How would you test for assortative mating between benthic and limnetic ecotypes?

Explanation:
Testing for assortative mating focuses on who mates with whom, not just how individuals look. To really know if benthic and limnetic sticklebacks prefer mates from their own ecotype, you need evidence of mate choice or of actual parentage patterns. In a mate-choice setup, you present a focal fish with potential partners from both ecotypes and observe which one it chooses, which directly reveals any preference for the same ecotype. Another solid approach is genetic parentage analysis: by genotyping offspring and assigning parents, you can see whether matings occur more often within the same ecotype than expected by chance. Relying on color variation alone won’t establish mating preferences, because color differences might correlate with ecotype without reflecting actual mate choice. Reciprocal transplant experiments address how fitness varies across habitats rather than mating decisions.

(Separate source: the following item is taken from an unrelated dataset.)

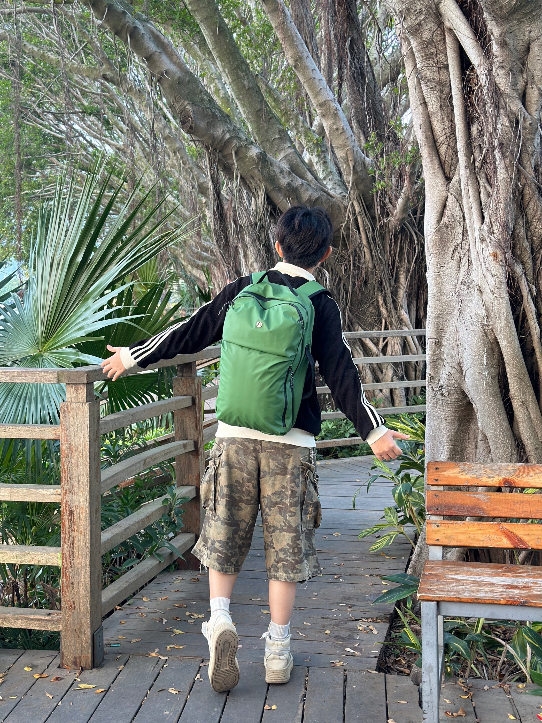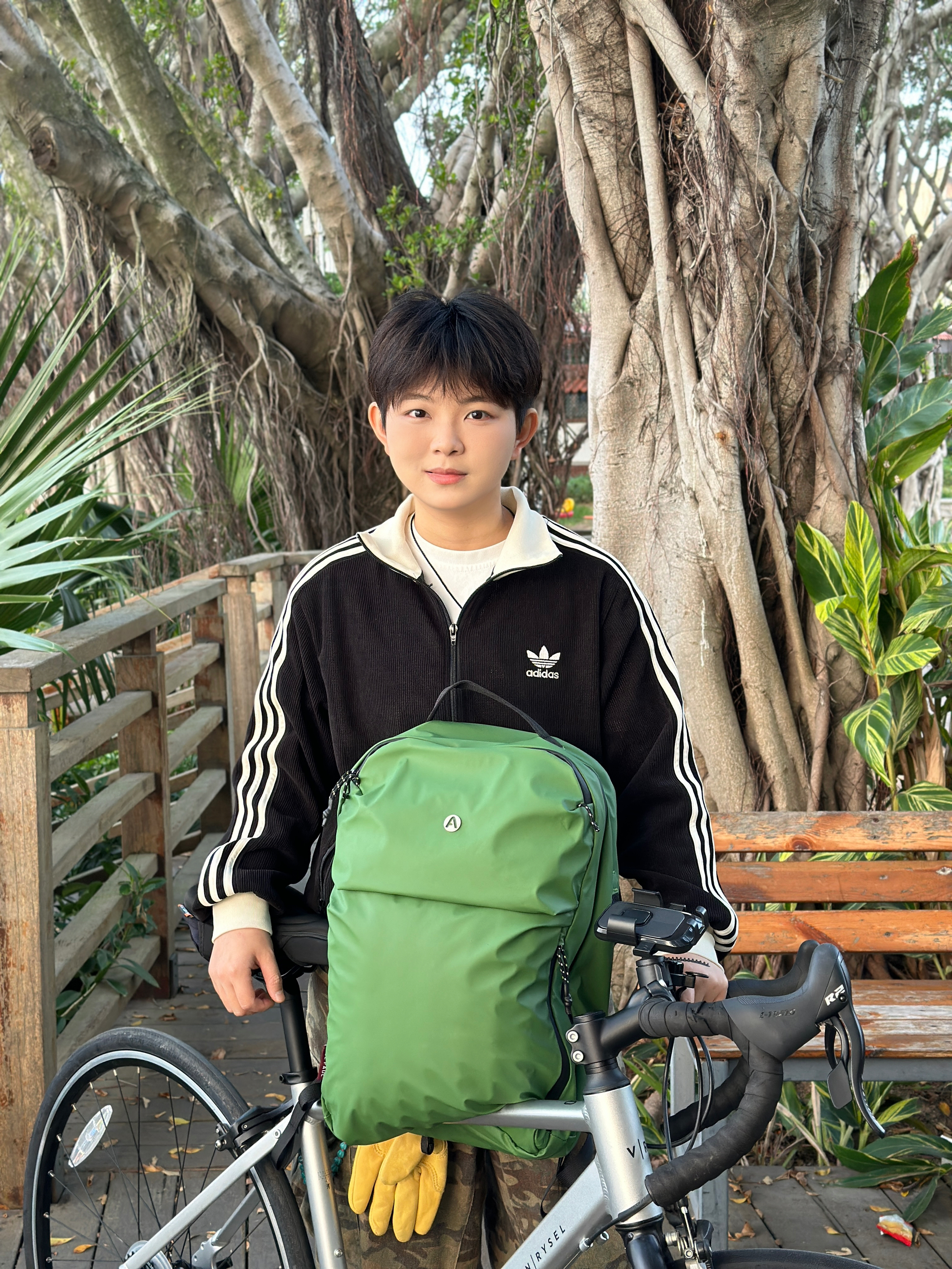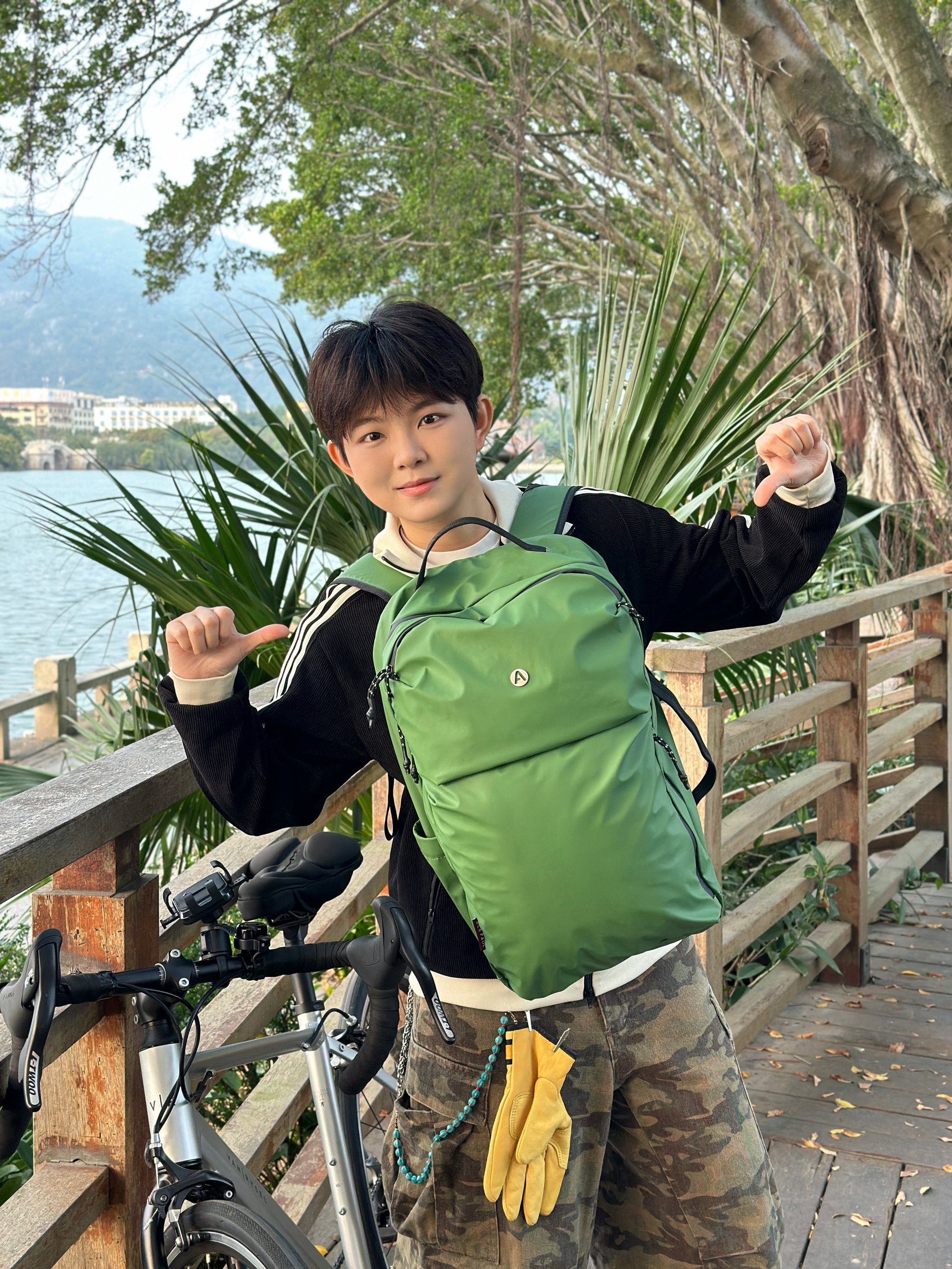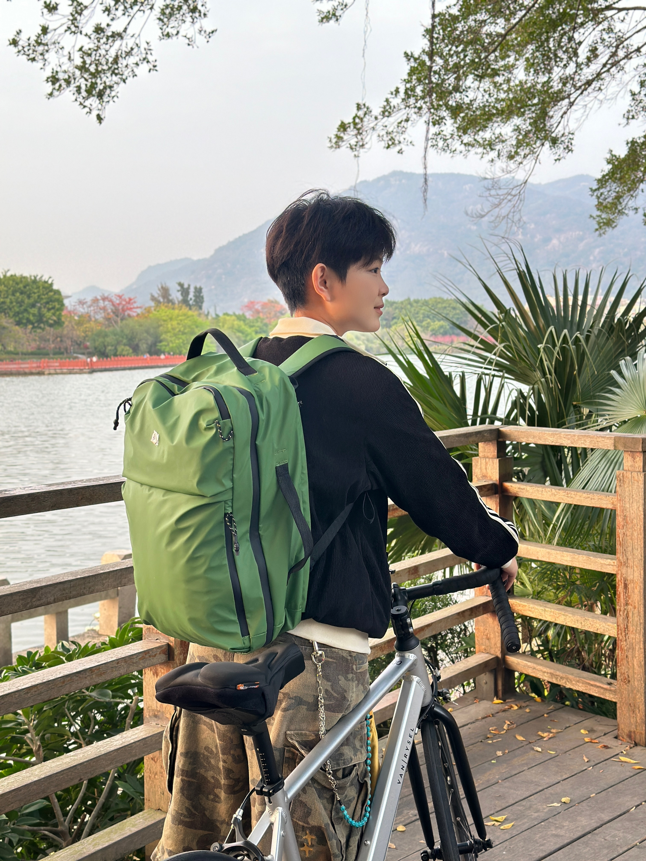 推着车去湖边晃悠,风里已经有春天的味道了。 • 🎒 核心单品:清新绿运动双肩包 亮绿色在户外太吸睛,大容量装得下骑行装备和随身物,肩带减负设计,背久也不累。 • 🌿 休闲运动风穿搭公式 黑白条纹运动外套 + 迷彩工装裤,简约又利落,和绿书包撞色刚好,活力感拉满。 • 🚲 氛围小tip 选湖边、林间栈道这类自然场景,和自行车同框拍,松弛感直接拉满。

And controlled crosses can indeed reveal assortative mating by showing whether cross-ecotype matings occur less frequently than expected, so that option isn’t the right way to measure mate preference on its own.

Testing for assortative mating focuses on who mates with whom, not just how individuals look. To really know if benthic and limnetic sticklebacks prefer mates from their own ecotype, you need evidence of mate choice or of actual parentage patterns. In a mate-choice setup, you present a focal fish with potential partners from both ecotypes and observe which one it chooses, which directly reveals any preference for the same ecotype. Another solid approach is genetic parentage analysis: by genotyping offspring and assigning parents, you can see whether matings occur more often within the same ecotype than expected by chance.

Relying on color variation alone won’t establish mating preferences, because color differences might correlate with ecotype without reflecting actual mate choice. Reciprocal transplant experiments address how fitness varies across habitats rather than mating decisions. And controlled crosses can indeed reveal assortative mating by showing whether cross-ecotype matings occur less frequently than expected, so that option isn’t the right way to measure mate preference on its own.